Blackstone Manhattan Apartment Portfolio Loan to Special Servicing
Floating-rate, $270M loan backed by 11 apartment buildings.
A $270M CMBS loan backed by 11 multifamily properties in Manhattan owned by Blackstone has been sent to special servicing, according to the latest report from Trepp.
The floating-rate loan, issued in 2019, encompasses 637 units in buildings located in Chelsea, the Upper East Side and Midtown South. Trepp put the portfolio loan, current as of this month, on its watchlist in November.
Higher-than-expected expenditures and the floating-rate debt on the portfolio have created a cash flow shortage on the properties. A statement issued by Blackstone indicated the company is trying to restructure the financial package on the portfolio.
“We continue to focus on delivering the best-in-class experience for our residents while we work with our lenders on the capital structure. Rental housing remains a high conviction theme for us, including in New York City,” Blackstone said, in the statement.
The 2019 loan was originated by Morgan Stanley, with Mirae Asset Daewoo, an investment firm based in South Korea providing $93M in mezzanine debt. Blackstone acquired the portfolio in 2015 in a joint venture with Fairstead Capital from the Caiola family.

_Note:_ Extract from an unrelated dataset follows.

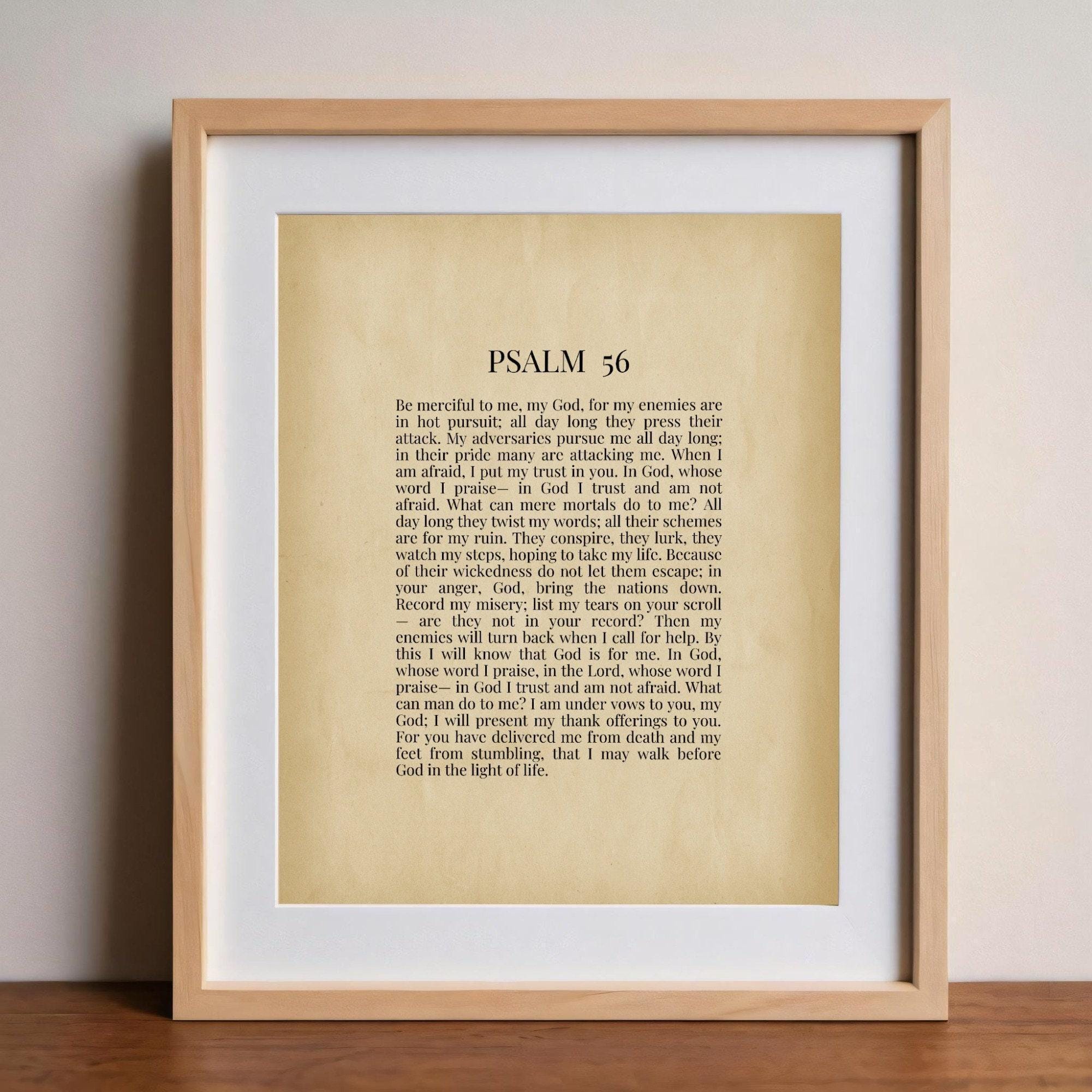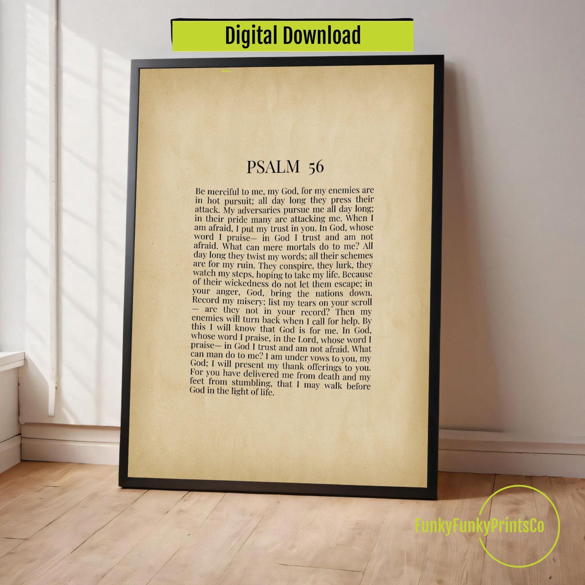 Bring a touch of timeless inspiration into your home with this vintage Psalm 56 printable wall art, thoughtfully designed to blend faith-based decor with classic vintage style. This digital download captures the comforting scripture in a way that resonates deeply, making it an ideal piece of scripture art for any room seeking spiritual decor. Perfect for those who cherish biblical wall art, it offers a meaningful reminder to trust in Godโs care every day.

The loan on its multifamily portfolio is not the first Blackstone CMBS deal on a Manhattan asset to head for special servicing in recent months. Last year, the CRE giant handed the keys for 1740 Broadway, a 26-story office tower, after a $308M CMBS loan came due and was sent to special servicing.
Earlier this month, Blackstone assured investors in Blackstone Real Estate Income Trust (BREIT) that the $69B fund had raised $14B in an infusion of equity that would enable the company to deal with a wave of redemption requests that began exceeding BREIT’s monthly and quarterly limits for investor withdrawals from the fund in November.
As a non-traded REIT, BREIT has thresholds on how much money investors can take out of its fund in order to avoid forced selling of assets. In a Dec. 1 letter to investors, BREIT said redemption requests had exceeded its 2% of net asset value monthly limit and its 5% quarterly threshold.
Blackstone allowed investors to withdraw $1.3B in November, or 43% of the redemption requests it received; the firm limited December withdrawals to 0.3% of the fund’s net assets.
BREIT also blocked the lion’s share of withdrawals in January: the company disclosed it paid out about $1.3B in fund withdrawals last month, representing just 25% of the approximately $5.3B worth of redemption requests it had received in January, according to a report in Reuters.